The change that’s caused the most discussion and raised exasperation is a new requirement for submission: pay $100 for the potential opportunity to become part of the Steam marketplace. It’s a chance, not a guarantee, and Valve’s tried to block some criticism by promising to send every payment to Penny Arcade’s Child’s Play charity.

The requirement was prompted by a slew of junk submissions, including fake version of Half-Life 3.

Greenlight is a new Steam initiative to ostensibly help games from falling through the cracks.

“Two things we’ve noticed so far,” said Valve in a blog post. “First, there are a ton of legitimate submissions that people want to see. Second, there is unfortunately a significant amount of noise and clutter being submitted, either as a joke or by fans not fully understanding the purpose of Greenlight.”

Greenlight is meant to curb an increasing problem for Steam. The company cannot realistically judge every game that’s submitted for consideration, and decided to enlist the community for help to ensure games deserving of a spot don't slip through the cracks. I’ve heard from frustrated developers over the years upset at receiving little to no feedback from Steam after being rejected, and Greenlight is (in theory) meant to keep those examples to a minimum. Or, at the least, reduce it.

The change does not impact games already been submitted, and is required once per developer, not per game.

Developers I’ve spoken to since the change occurred have expressed decidedly porlaized opinions.

“It's good they are doing this, it keeps the flow of games down to people who are serious about their work,” said Super Meat Boy and Binding of Isaac co-creator Edmund McMillen. “It's $100 to enter into the IGF [Independent Games Festival], I did this for years [and] only made it in 30% of the time. You should only put your stuff on Greenlight if you believe you have a realistic chance of getting those votes, the 100$ charge makes that a very clear barrier of entry.

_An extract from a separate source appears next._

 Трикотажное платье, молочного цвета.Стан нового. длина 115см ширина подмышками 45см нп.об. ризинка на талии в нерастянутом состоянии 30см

Same goes for the IGF.”

Michael “Kayin” O’Reilly, better known as the creator of the sadistic I Wanna Be the Guy, is working on a game for submission into Greenlight. He’s not so sure Valve’s quick decision to charge $100 for a Greenlight listing was the best way to solve its problems.

“If we're talking about a service that's meant to try and manage small indie games, is the best way to try and charge money from a group of traditionally poor people?” said O’Reilly. “It is -a- limiting measure, but is it the best one? [...] if Valve was pocketing the 100 dollars, I think we'd have to accept that this is a part of business, but clearly this is a situation where there are a lot more possible solutions that can possibly benefit Steam more in the long run.”

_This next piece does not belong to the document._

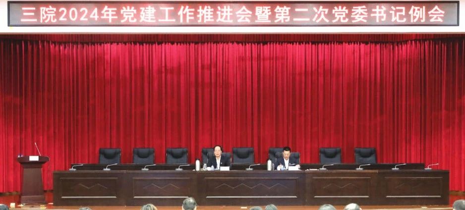 3月29日,三院召开2024年党建工作推进会暨第二次党委书记例会。三院党委书记史新兴,党委副书记崔玉平出席会议。院本部相关部门负责人,院属各单位党委书记、党委副书记、纪委书记、工会主席和相关部门负责人分别在主会场和视频分会场参加会议。

I Wanna Be the Guy's creator is still considering Greenlight, despite the issues he has with it.

O’Reilly said Valve should have implemented less drastic measures to tweak the service to avoid this reaction, and would be “exceptionally surprised” if the $100 requirement sticks around. That Valve didn't introduce the $100 fee with other substantive changes struck him as odd and reactionary.

“The 100 dollar fee isn't meant to necessarily stop games that may or may not succeed, it's meant to stop junk entries or REALLY low quality entries,” he said. “So it's tough. Greenlight was supposed to reduce a lot of the risk and frustration of dealing with Steam, so it's really sorta hurting itself by making it seem less inviting. I think alternative ways of getting on the services is it's best bet. A bigger budget game will probably just drop the 100 bucks, while smaller games might use other methods.”

McPixel designer Sos Sosowski was part of Greenlight’s beta, and sympathized with Valve’s plight. It did, however, prompt mixed feelings about the difference between going through Steam’s regular submission process and rolling the dice with an active community of users on Greenlight.

“It struck me that anyone can submit a game just like that in the very beginning, but I was sure that it's going to be well managed and under control,” said Sosowki. “Valve got disillusioned quickly and got reminded what the internet is.”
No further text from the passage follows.